Finding e-commerce site of the product URL given and see if it is supported

Question 1

I am building a Python app in which user can maintain wishlist of the products. I only support few e-commerce sites and do not support country specific sites (e.g I may support amazon.com but not amazon.in). I do not support mobile version of the URL (e.g. http://m.amazon.com) and also I am not interested in the query string part of the URL (and I don't want it also).

Following is the code and also the test cases. Though it seems to be working, I am not happy with the code. It looks hackish to me. I would really appreciate improving get_vendor function. Do you find it readable?

from urlparse import urlparse
supported_vendors = ['flipkart.com', 'homeshop18.com', 'snapdeal.com', 
 'myntra.com', 'www.flipkart.com', 'www.homeshop18.com', 
 'www.snapdeal.com', 'www.myntra.com']
test_urls =['http://www.myntra.com/sports-shoes/puma/puma-men-grey-kuris-ii-ind-running-shoes/107455/buy?searchQuery=sports-shoes&serp=1&uq=false#!',
 'www.myntra.com/sports-shoes/puma/puma-men-grey-kuris-ii-ind-running-shoes/107455/buy?searchQuery=sports-shoes&serp=1&uq=false#!',
 'https://myntra.com/sports-shoes/puma/puma-men-grey-kuris-ii-ind-running-shoes/107455/buy?searchQuery=sports-shoes&serp=1&uq=false#!',
 'http://.myntra.com/sports-shoes/puma/puma-men-grey-kuris-ii-ind-running-shoes/107455/buy?searchQuery=sports-shoes&serp=1&uq=false#!',
 'htt://www.myntra.com/sports-shoes/puma/puma-men-grey-kuris-ii-ind-running-shoes/107455/buy?searchQuery=sports-shoes&serp=1&uq=false#!',
 'http://blahblah.com/sports-shoes/puma/puma-men-grey-kuris-ii-ind-running-shoes/107455/buy?searchQuery=sports-shoes&serp=1&uq=false#!',
 'ftp://myntra.com/sports-shoes/puma/puma-men-grey-kuris-ii-ind-running-shoes/107455/buy?searchQuery=sports-shoes&serp=1&uq=false#!']
test_expected_results = [True, True, True, False, False, False, False]
def get_vendor(url):
 def add_http(url):
 return 'http://'+url
 def get_url(parsed_url):
 return 'http://'+parsed_url.netloc+parsed_url.path
 if not urlparse(url).scheme:
 parsed_url = urlparse(add_http(url))
 elif urlparse(url).scheme not in ['http', 'https']:
 return (None, url)
 else:
 parsed_url = urlparse(url)
 if parsed_url.netloc not in supported_vendors:
 return (None, url)
 else:
 return (parsed_url.netloc, get_url(parsed_url))
if __name__ == '__main__':
 # for i in map(get_vendor, test_urls):
 # print i
 assert(map(lambda x: bool(x[0]), map(get_vendor, test_urls)) == test_expected_results)

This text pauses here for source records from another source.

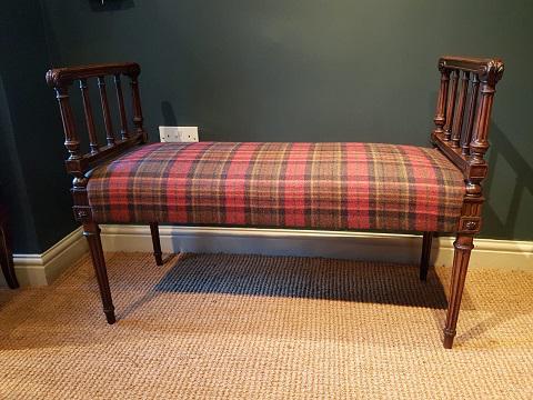 Fine Antique Upholstered Mahogany Reeded Leg Double Stool
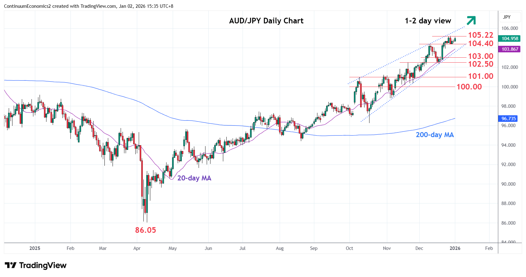07:35 GMT - Consolidation at the 104.40 support see pressure returning to the upside to retest the 105.22, December 2025 year high. Bullish price action highlights scope for break to further extend gains from the April 2025 year low. Clearance will see room for extension to the 106.00/107.00 congestion area. However, overbought daily and weekly studies caution corrective pullback within the rising wedge pattern. Would take break of support at the 104.40/104.00 area to open up room for deeper pullback to strong support at the 103.00 congestion and 102.50/00 area.
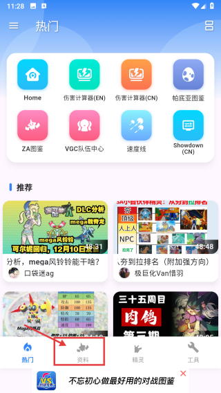 1、打開(kāi)游戲圖鑒類APP,點(diǎn)擊底部資料選項(xiàng),進(jìn)入資料頁(yè)面。
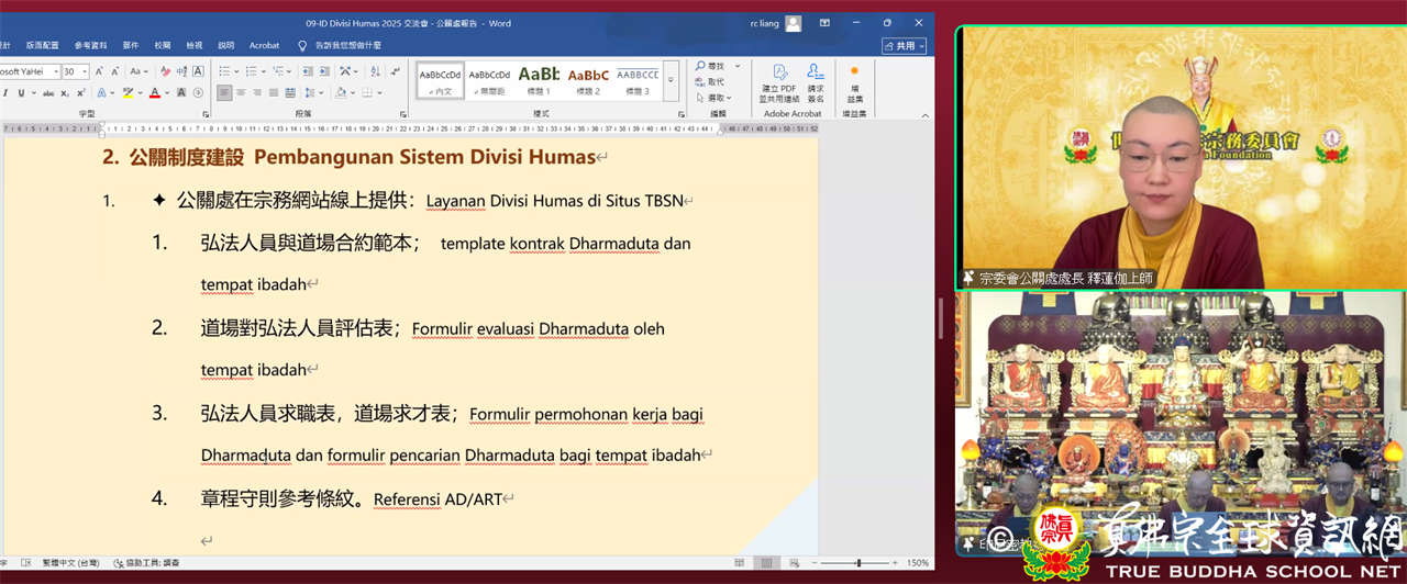 在互動交流環節中,來自印尼各道場的提問非常踴躍,內容涵蓋多元。宗委會各處長皆悉心回應,並將問答紀錄集結以中印雙語資料供全體道場參考,詳細內容請參閱真佛宗務網站\宗派資訊\公告,連結如下: https://truebuddhaschool.org/site/latestinfo?ref=AC_EJ3IOZ

based on what vendor returns I apply different scraping functions. Here is the next code:

HS18 = ['homeshop18.com', 'www.homeshop18.com']
SD = ['snapdeal.com', 'www.snapdeal.com']
FS = ['flipkart.com', 'www.flipkart.com']
MYN = ['myntra.com', 'www.myntra.com']
vendor, url = get_vendor(url)
if not vendor:
 exit # or throw error
product_doc = search_for_url_in_database(url)
if not product_doc:
 if vendor in FS:
 product_url, product_name, product_img_url, product_price = get_flipkart_product_meta(url)
 elif vendor in HS18:
 product_url, product_name, product_img_url, product_price = get_homeshop18_product_meta(url)
 elif vendor in SD:
 product_url, product_name, product_img_url, product_price = get_snapdeal_product_meta(url)
 else:
 product_url, product_name, product_img_url, product_price = get_myntra_product_meta(url)
...

This last if block I can change it to:

if not product_doc:
 if vendor in FS:
 get_product_meta = get_flipkart_product_meta
 elif vendor in HS18:
 get_product_meta = get_homeshop18_product_meta
 elif vendor in SD:
 get_product_meta = get_snapdeal_product_meta
 else:
 get_product_meta = get_myntra_product_meta
 product_url, product_name, product_img_url, product_price = get_product_meta(url)
...

What do you say about this second if block where I am assigning function object to a variable and calling it later. Should I be doing like this? What's the suggested way?
The lists defined at top, has redundant data. Is there any way to make it better?
I really would like to keep leading www if the url has (even though avoiding this do not harm). So how do I do this with cleaner way? or you suggest to remove www completely?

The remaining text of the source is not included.